I shouldn’t be here. My parents tried for six long years before they had me. And after nine months of being in the womb, I still didn’t want to come out. I was a full grown baby living inside someones stomach until the doctors decided enough was enough. And now that I’m out (unwillingly), 34 years later, I still haven’t left. Not really.
I always keep one foot outside reality, placed in a dream that I no longer belong to. A dream of vast possibilities, of emptiness (the good kind). A dream I could never understand or grasp for more than a few seconds at a time.
Lately I’ve been getting flashes of serenity. Of some great power hidden inside me. A power that I once knew how to wield, far before I knew this world. It’s not exactly destiny, more like learning who I am. Learning my capabilities and learning what I can do is just another way of learning who I am.
To avoid sounding vague, and to avoid subjective misinterpretations of what I’m saying, I’ll be clear.
I feel golden.
Not all the time mind you, just flashes. They are golden flashes amid a sea of worry, sadness, doubt, and depression. The sea of fear is where this little golden child was born into. A place where she choses to keep one foot affixed in the interstellar matrix of wonder and amazement. Of possibilities that allude and delude….shit my next client is here.
It’s now the next day. What the hell was I talking about yesterday? It’s the kind of post that never leaves my draft folder. My draft folder has hundreds of these doodles. I call them “doodles” because they’re meaningless and have no ending.

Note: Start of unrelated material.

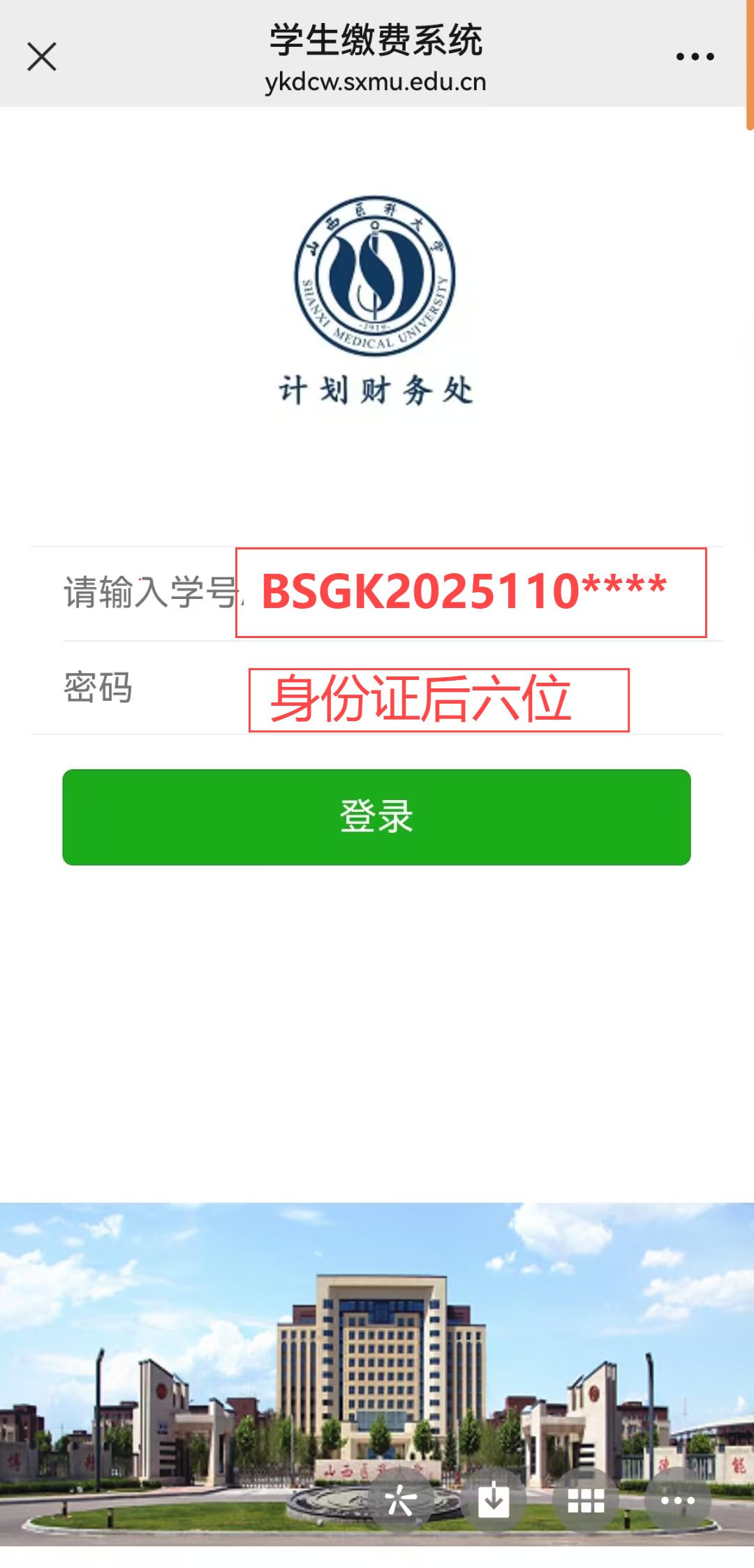 考生通过微信公众平台自助缴纳报名费:1.搜索微信公众号“万象城allwincity官网计划财务部”或扫描下方二维码;2.点击菜单,业务办理→学生缴费,在学号处输入“BSGK”+考生本人的报名号(例:BSGK2025110****,所有英文字母大写,切记不要输入姓名),初始密码为身份证号后六位(X的英文字母大写),登录自助缴费系统(见图例);3.点击“我要缴费”,选择缴费年度(2025),确认缴费信息,通过银联在线进行支付(任何有银联标志储蓄卡均可)。

Life is a doodle of creation.
There I go again. WTF brain?
I’m in work and just finished with my last client. Now I have to go to Target to exchange some curtain rods, then Joe-anne Fabric to get about 6 yards of fleece for face cradle covers (they are less expensive that way), then Bed Bath & Beyond to get their cute water jug with a spout and a versatile $50 cabinet that can store all my face cradle covers. Then off to Pier One to pick up my bench that just came in, then to my office where I have mass tons of work to do. Massive truck loads of work.
This is the shit that no one cares about. The shit that goo’s up your brain. Where am I in all this? I haven’t’ been sleeping or eating. I look atrocious.
My Dad – “You look horrible.”
Me – “It’s windy out and I haven’t been sleeping.”
That video I shot a few days ago, I was tired then, but things keep piling up and I look even worse now. I can’t breathe, I can’t relax.
Shit, I have leave to go do all that stuff. I need to go to the post office and the bank too. Oh man…..
This post is rubbish. My brain can’t think when it’s like this.